WHAT TO WORK ON — Below are records with pictures. Transcribe exactly, and only, the lines from the line with "倾斜不锈钢输送机。配备一个1" to the line with "同時間帯に学童が消防署の方をお迎えして、消防訓練を校庭で行っていました。", both ends included, but not the pictures.

GIVEN INFORMATION —
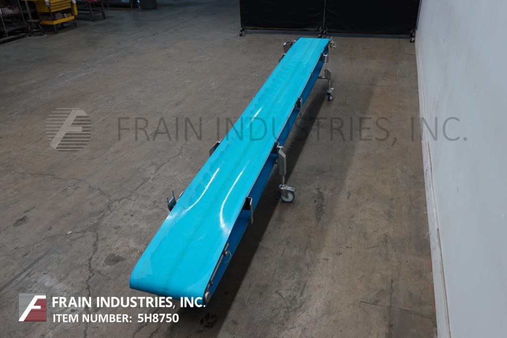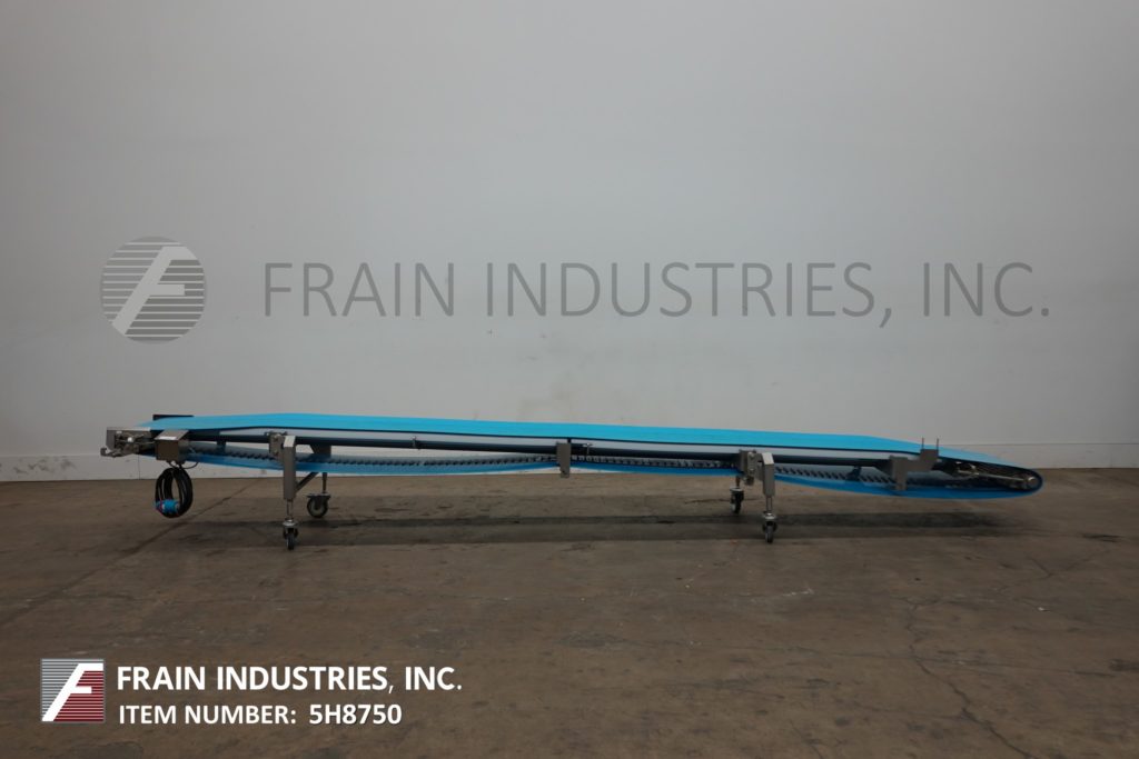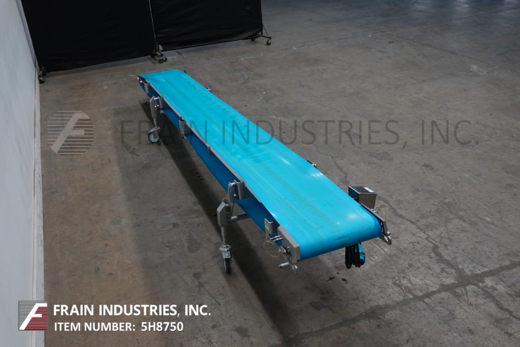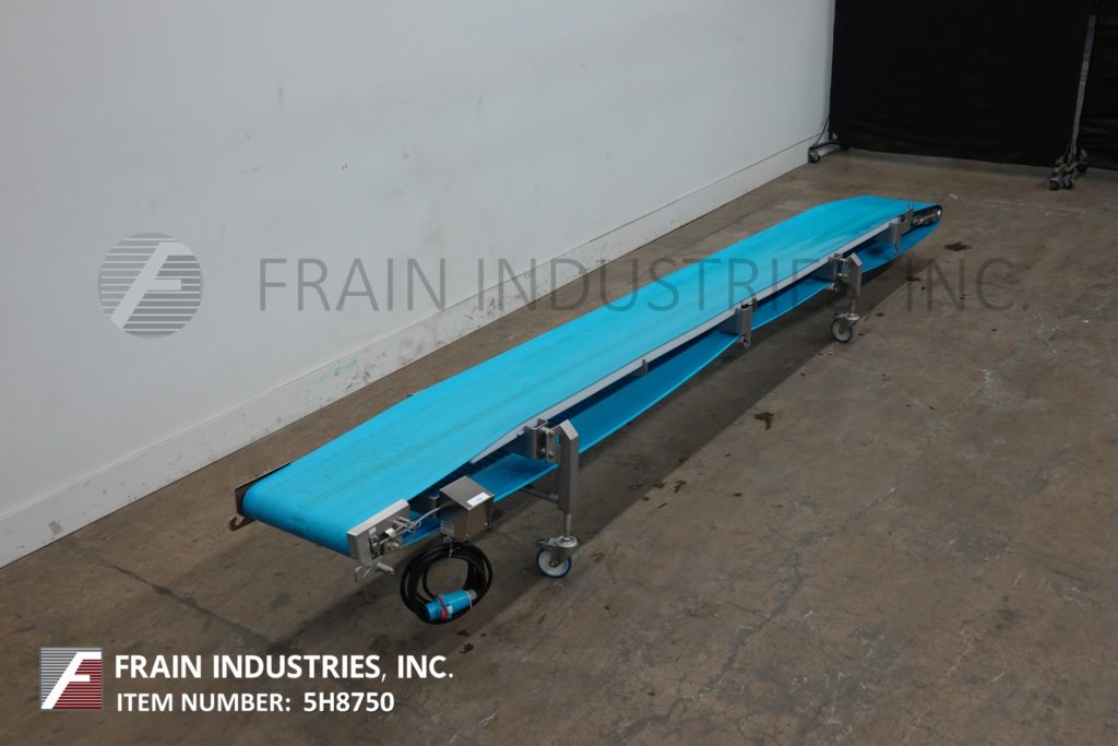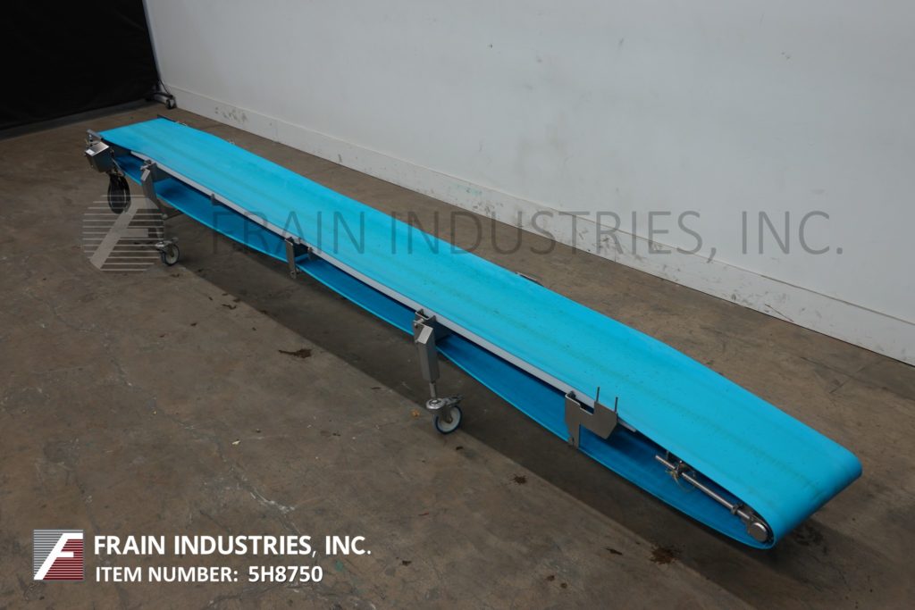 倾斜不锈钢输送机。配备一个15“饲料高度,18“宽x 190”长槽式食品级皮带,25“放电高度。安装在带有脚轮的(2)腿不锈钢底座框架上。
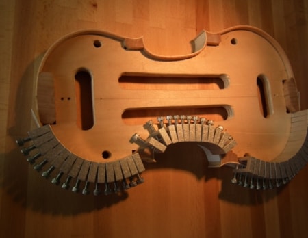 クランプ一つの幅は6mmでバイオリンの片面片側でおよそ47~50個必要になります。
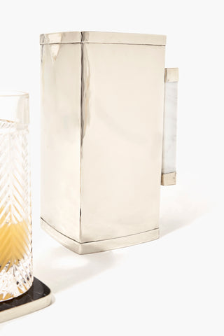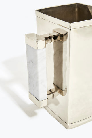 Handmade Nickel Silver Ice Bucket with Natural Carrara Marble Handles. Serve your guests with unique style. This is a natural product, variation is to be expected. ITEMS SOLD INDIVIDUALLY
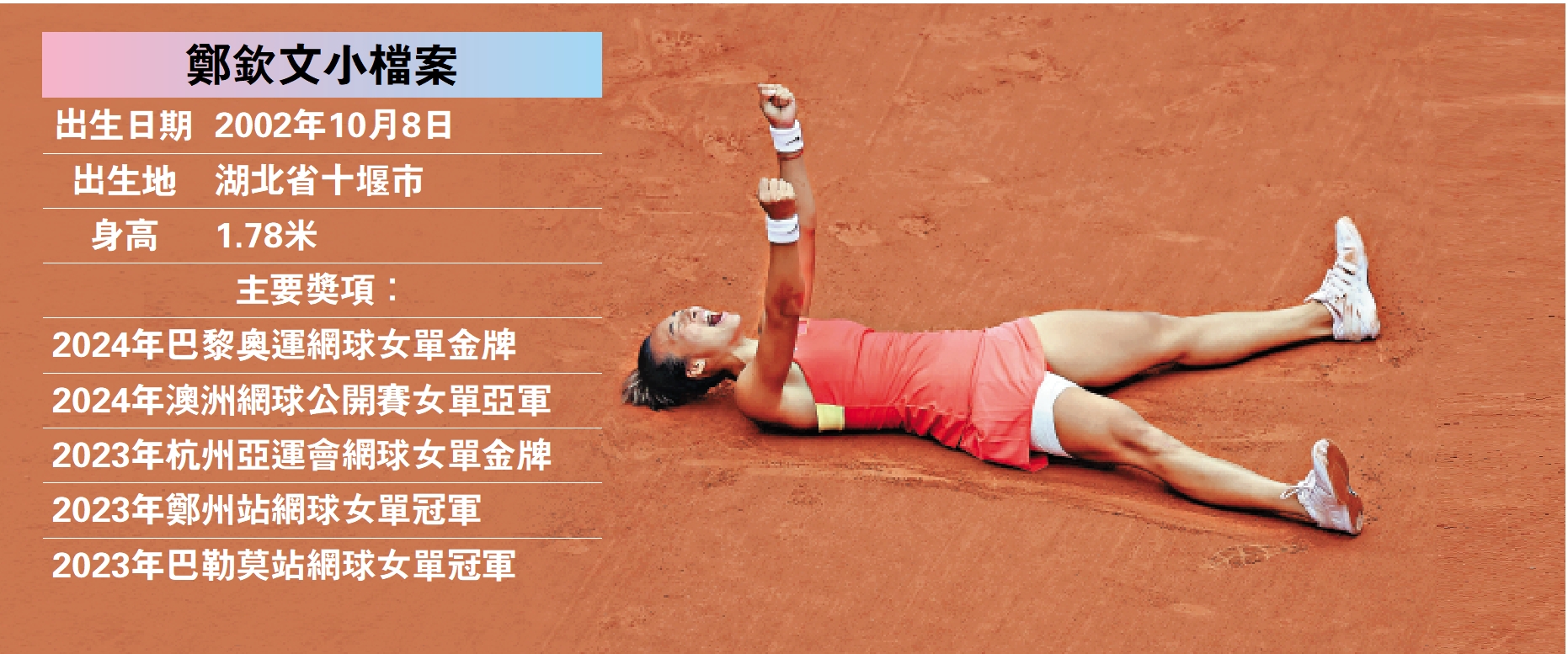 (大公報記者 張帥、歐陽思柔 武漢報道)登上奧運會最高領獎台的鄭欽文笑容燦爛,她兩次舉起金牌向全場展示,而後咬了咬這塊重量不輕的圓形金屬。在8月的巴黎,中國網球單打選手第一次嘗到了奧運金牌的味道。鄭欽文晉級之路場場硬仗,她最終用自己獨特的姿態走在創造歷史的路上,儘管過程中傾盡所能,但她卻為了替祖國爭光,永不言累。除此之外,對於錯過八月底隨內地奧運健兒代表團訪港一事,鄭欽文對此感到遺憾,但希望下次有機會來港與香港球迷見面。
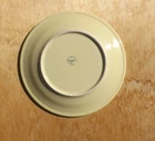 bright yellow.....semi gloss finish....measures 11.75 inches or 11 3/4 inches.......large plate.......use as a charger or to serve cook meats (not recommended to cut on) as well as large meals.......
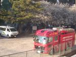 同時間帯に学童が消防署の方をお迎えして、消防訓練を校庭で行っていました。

---

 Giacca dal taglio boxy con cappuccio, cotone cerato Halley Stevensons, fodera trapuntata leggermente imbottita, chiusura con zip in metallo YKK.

EXERCISE RESPONSE —
 倾斜不锈钢输送机。配备一个15“饲料高度,18“宽x 190”长槽式食品级皮带,25“放电高度。安装在带有脚轮的(2)腿不锈钢底座框架上。
 クランプ一つの幅は6mmでバイオリンの片面片側でおよそ47~50個必要になります。
 Handmade Nickel Silver Ice Bucket with Natural Carrara Marble Handles. Serve your guests with unique style. This is a natural product, variation is to be expected. ITEMS SOLD INDIVIDUALLY
 (大公報記者 張帥、歐陽思柔 武漢報道)登上奧運會最高領獎台的鄭欽文笑容燦爛,她兩次舉起金牌向全場展示,而後咬了咬這塊重量不輕的圓形金屬。在8月的巴黎,中國網球單打選手第一次嘗到了奧運金牌的味道。鄭欽文晉級之路場場硬仗,她最終用自己獨特的姿態走在創造歷史的路上,儘管過程中傾盡所能,但她卻為了替祖國爭光,永不言累。除此之外,對於錯過八月底隨內地奧運健兒代表團訪港一事,鄭欽文對此感到遺憾,但希望下次有機會來港與香港球迷見面。
 bright yellow.....semi gloss finish....measures 11.75 inches or 11 3/4 inches.......large plate.......use as a charger or to serve cook meats (not recommended to cut on) as well as large meals.......
 同時間帯に学童が消防署の方をお迎えして、消防訓練を校庭で行っていました。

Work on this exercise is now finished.